Bu Blogda Ara

07 Eylül 2012

Türkiye'den Mektuplar 13 - Köprü


Nemli boy havlusunu yatağın sağ köşesinde unuttuğumu, kahve fincanım elimde, mavi terliklerimi ararken fark ettim. Bir elimde kahve, bir elimde havlu balkona çıktığımda, ilk önce yanlış gördüm sandım. Bir duvardan diğerine doğru sallanan iplerin üzerine asılmış dünden kalma gömleklerin ve pantolonların arkasında köprüye benzer beyaz bir yol görünüyordu. Düş mü değil mi bu gördüğüm derken açıp bakmaya karar verdim. Usul usul astım havluyu ipin boş kalmış köşesine. Sonra diğer iki ipi de elimle hafiften oynatıp, balkonun ötesini görmek için pantolonları ve gömlekleri kenara ittim. Az kalsın elimdeki fincan yere düşecek, bin pâre olacaktı ayaklarımın dibinde. Evet, bu gördüğüm bir düş, bir mucize ya da bir illüzyon falan değildi. Yapan yapmıştı işte! Çalıştığım şirketten evimin balkonuna, iki kişinin yan yana güle oynaya yürüyebileceği genişlikte bir köprücük yapmışlardı. Köprücük diyorum ama bunu emeğe saygısızlık olarak görmemek lazım.  Köprünün iki tarafındaki çitler rengarenk balonlardan, diğer köprülerde asfalt olarak görmeye alıştığım zemini ise beyaz köpükten yapılmıştı. Balonların yükseklikleri yer yer boyumu geçiyorlardı.  Malzemeden mi çaldılar yoksa en son geliştirilen teknolojiyle mi inşa ettiler bilemeyeceğim! Ama köprü pek şahane, pek ihtişamlı görünüyordu.

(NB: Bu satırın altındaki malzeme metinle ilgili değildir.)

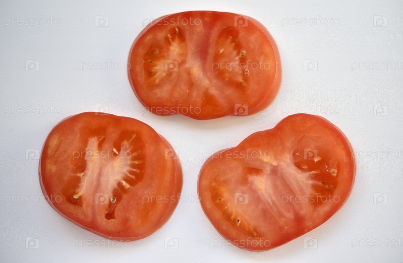 Кусочки красного помидора на белом фоне. Нарезанные помидоры
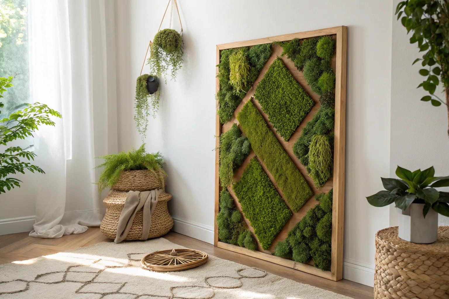 Transform any wall into a lush vertical garden by arranging moss in frames or panels. Similar to other fun moss craft ideas, this is a fantastic way to create a living piece of art that feels like a slice of the forest indoors.
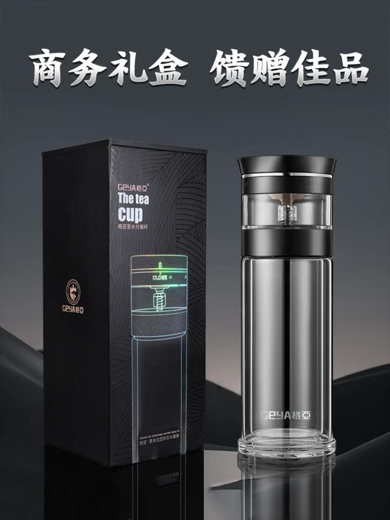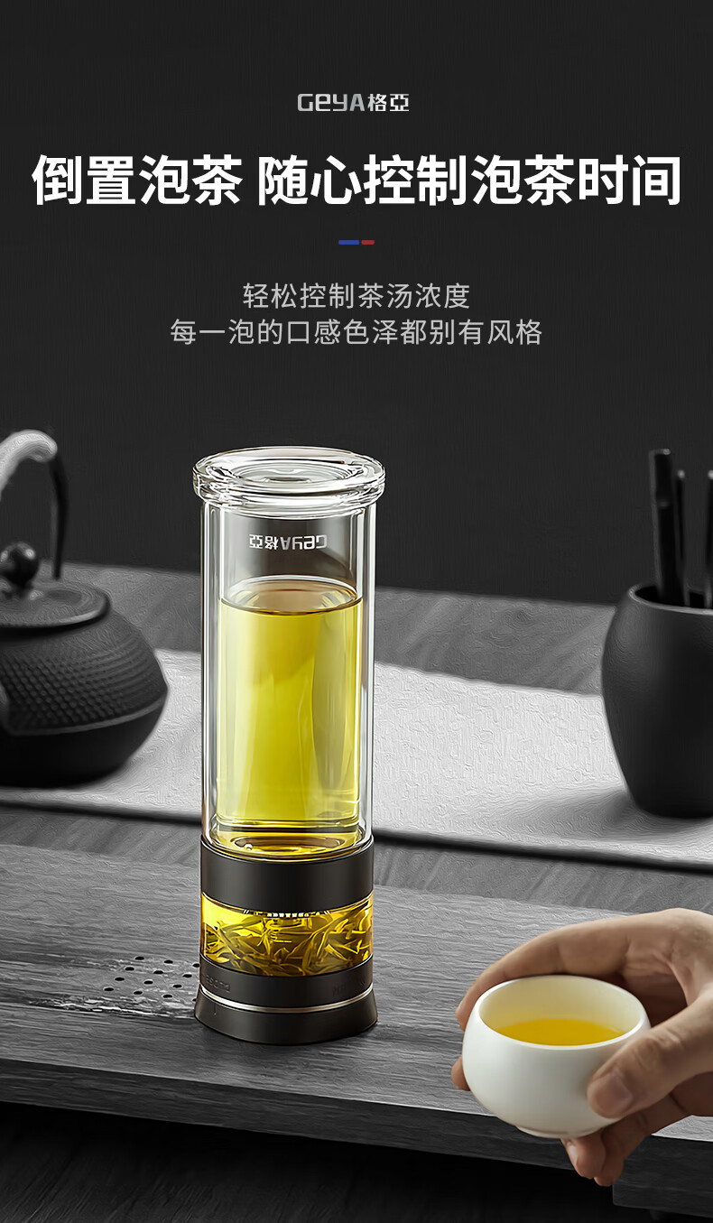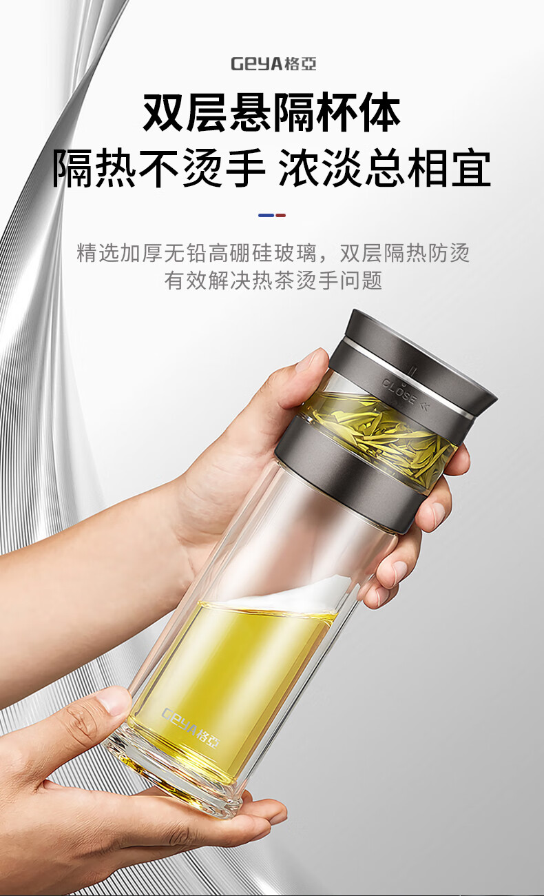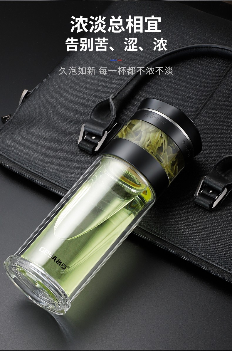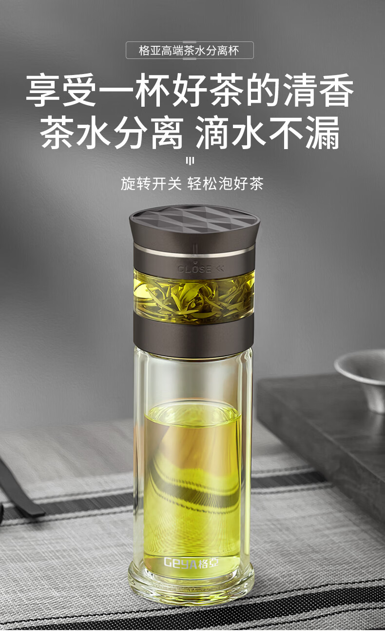 格亚(GEYA)茶水分离大容量玻璃杯双层茶杯男泡茶杯水杯便携杯子团购定制 咖啡色450ml
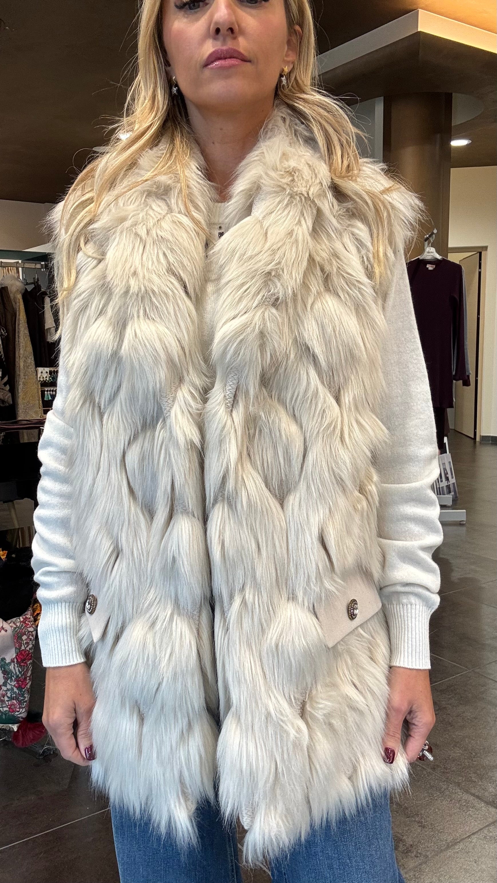 Gilet panna con pelo ecologico e tasche applicate con dettaglio gioiello nella parte anteriore. Parte posteriore in panno. Adatto anche per essere indossato sopra giacche e cappotti. Calza come se fosse una taglia unica.
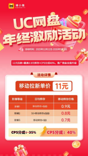 UC网盘年终拉新激励正酣,移动端11元/单、转存最高0.9元/次,不少人只顾短期刷屏赚佣金,活动落幕收益便归零。其实年终激励是搭建长期收益的窗口,借助流量红利做好用户留存、资源维护和会员转化,就能实现一次推广、长期受益,普通人也能稳步增收。
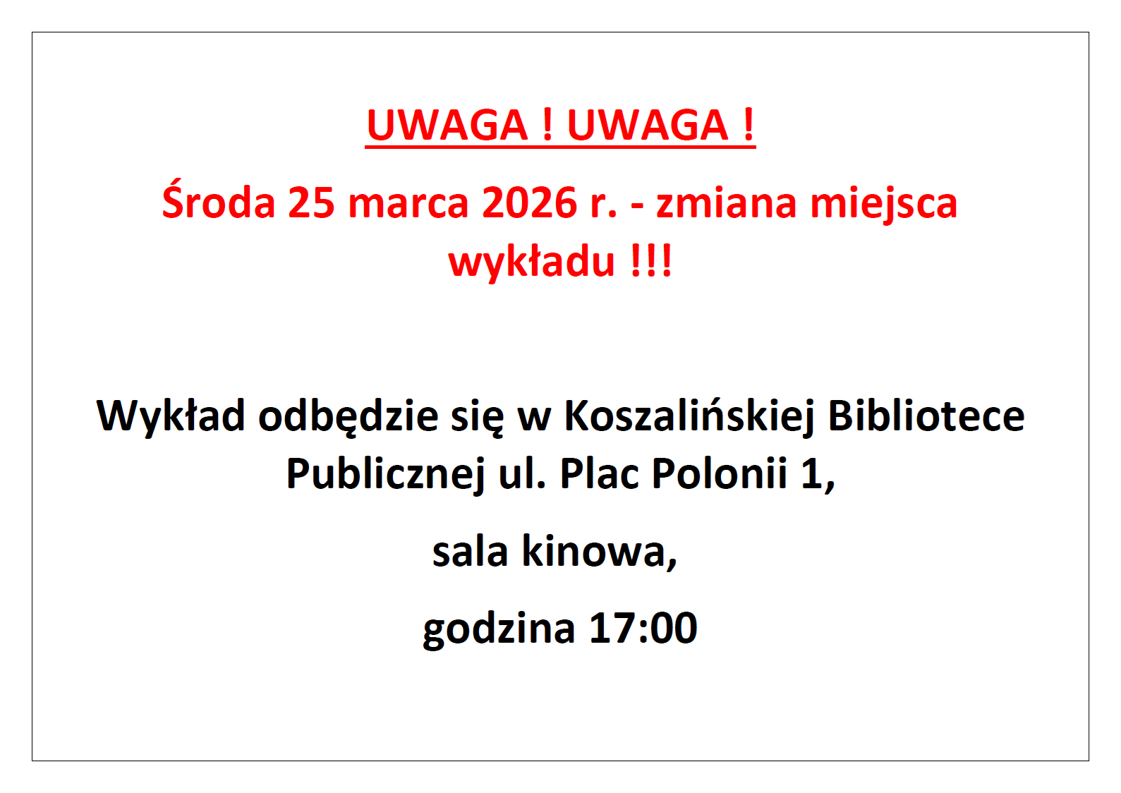 25 marca 2026 r. - środa ZMIANA MIEJSCA WYKŁADU !

Kahvemden bir yudum alıp, sabahın ilk keskin acısını ağzımın içine dolduran sıvıyı henüz yutamamışken, üçer beşer adımla içeriye koştum. “Kalk J, kalk” diye inlettim yatak odasını. “Kalk, balkonumuza köprü bağlanmış. Artık o dolambaçlı sokaklarda en kısa yolu bulmak için Dijkstra algoritması oynamama gerek kalmayacak. “ J kafasını gömdüğü damalı yorganın içinden, ilahi bir uyarıyı ikinci defa tekrar ediyormuş gibi, beni köprünün varlığından daha çok şaşırtan yanıtını verdi, “O köprü iki gündür orada, sen daha yeni mi gördün?” Şaşırtarak sevindireceğim sevdiğimden böyle bir yanıtı alınca şaşıran ben oldum tabii. “İyi, hadi kalk. Yürüyelim birlikte” dedim sesime çocuksu bir şımarıklık ekleyerek. Biraz bekledim ama yorganda en ufak bir kımıltı olmadı. “Hadi amaaaa!” dedim, “Bak işe geç kalacağım.” Yine derin bir sessizlik. Sanki yorganın içindeki süngerimsi madde tüm heyecanımı emiyor, içeride uyuyan J’ye hiçbir şey iletmiyordu. Son bir gayretle “İyi o zaman, ben çıkıyorum. Sen ister gel, ister gelme.”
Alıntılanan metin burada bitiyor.